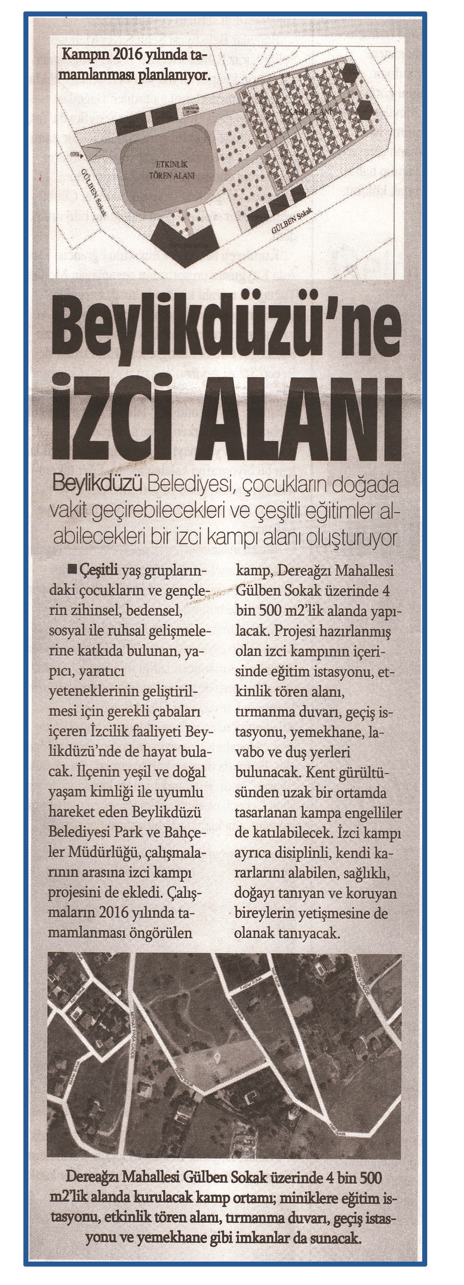 13 Kasım 2015 tarihli "YANKI" gazetesi. Beylikdüzü Belediyesi, çocukların doğada vakit geçirebilecekleri ve çeşitli eğitimler alabilecekleri bir izci kampı alanı oluşturuyor.
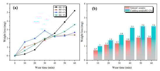Wear weight-loss of claddings with different RE contents and sintered sample. (a) Wear weight-loss of claddings with different RE contents; (b) comparison of the wear weight-loss between the sintered sample and cladding with 2% RE content.
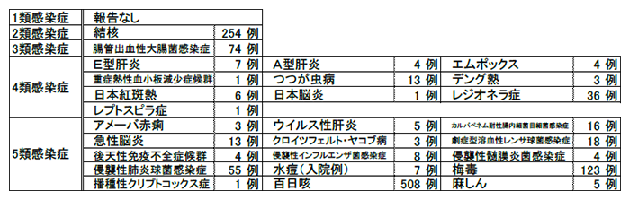 全数報告の感染症(48週までに新たに届出のあったもの)
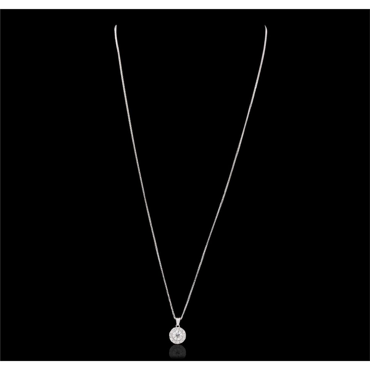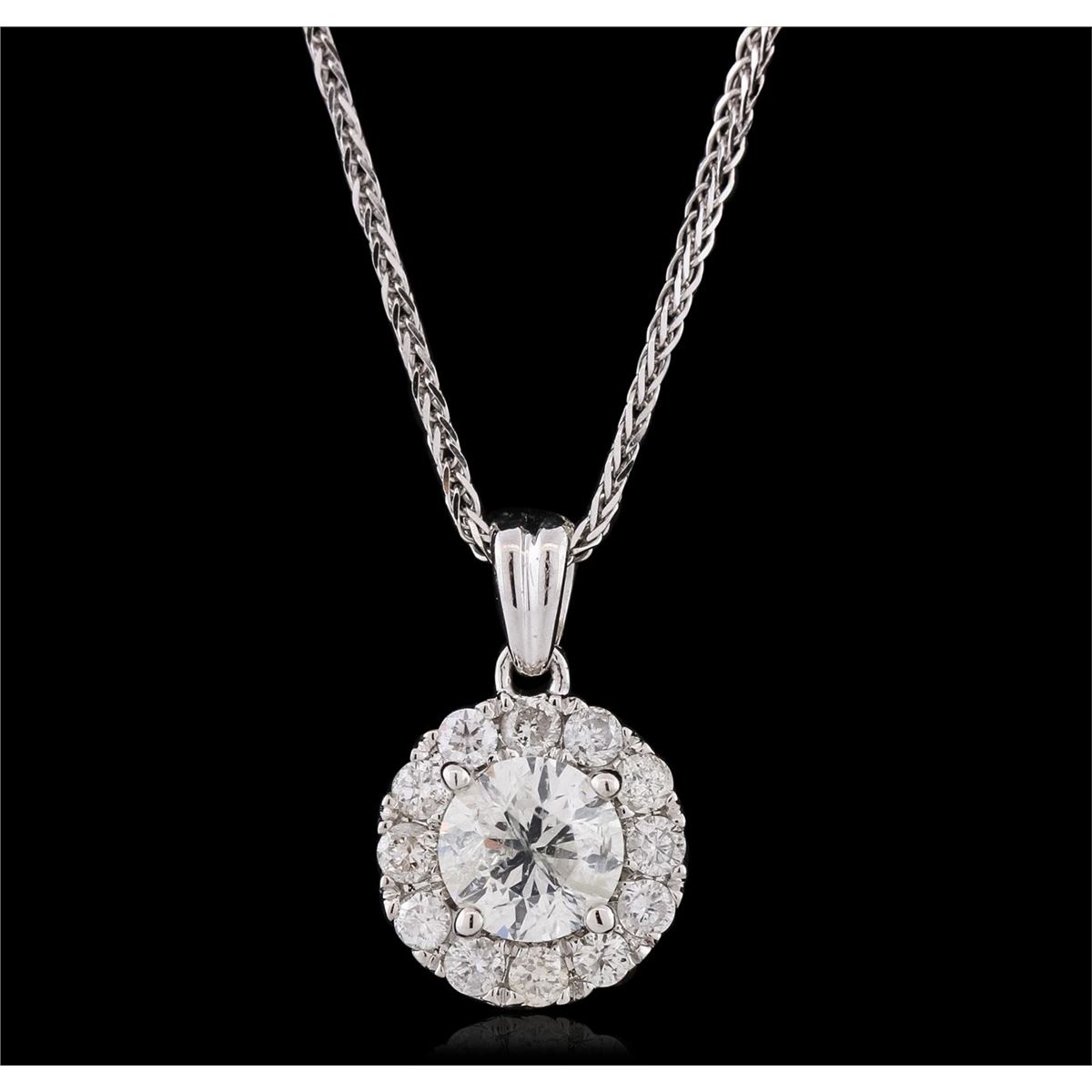 One electronically tested 14KT white gold ladies combination cast & assembled diamond pendant & chain 18.0" long, medium fancy cable with a lobster claw clasp with a bright polish finish. Identified with markings of "14K". Condition is new. Containing: One prong set round brilliant cut diamond, measuring 5.43 - 5.41 x 3.59mm (depth est.) approximate weight of 0.64ct. Clarity: I-2. Color: J, Cut is Good. Twelve prong set round brilliant cut diamonds, measuring 1.80 - 1.80 x 1.08mm (depth est.) approximate total weight of 12 Stones = 0.26ct. Clarity: SI-2 to I-2. Color: H - J, Cut is Good. All diamonds are graded in the mounting, unless otherwise stated. Total Weight of Diamonds 0.90ct. Total Weight of Pendant & Chain 2.70 grams. GGL Appraised at $3,895.00.
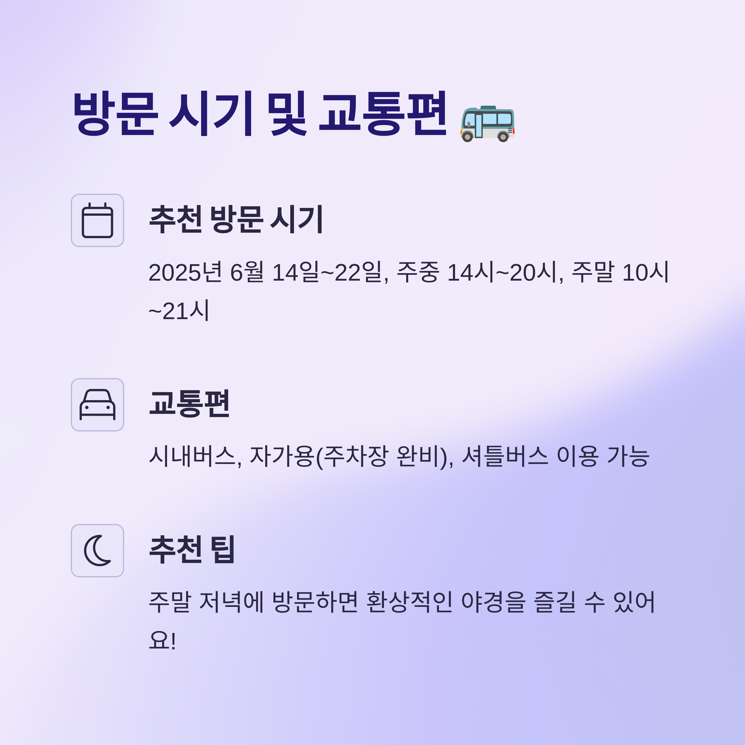 - 추천 방문 시기: 축제는 2025년 6월 14일(토)부터 6월 22일(일)까지 진행됩니다. 수국이 가장 아름답게 만개하는 이 시기에 맞춰 방문하시면 최고의 꽃구경을 즐길 수 있습니다. 주중에는 오후 2시부터 8시까지, 주말에는 오전 10시부터 오후 9시까지 운영되니, 방문 계획에 참고하시기 바랍니다. 특히 밤에는 진주의 유등과 조명을 활용한 환상적인 야경이 펼쳐지니, 주말 저녁 방문을 강력 추천합니다.
──────
What the task requires: All pictures are to be skipped. Output, word for word, the lines in the data above starting at the line containing "Wear weight-loss of claddings with different RE contents and" and ending at the line containing "全数報告の感染症(48週までに新たに届出のあったもの)".

Solution:
Wear weight-loss of claddings with different RE contents and sintered sample. (a) Wear weight-loss of claddings with different RE contents; (b) comparison of the wear weight-loss between the sintered sample and cladding with 2% RE content.
 全数報告の感染症(48週までに新たに届出のあったもの)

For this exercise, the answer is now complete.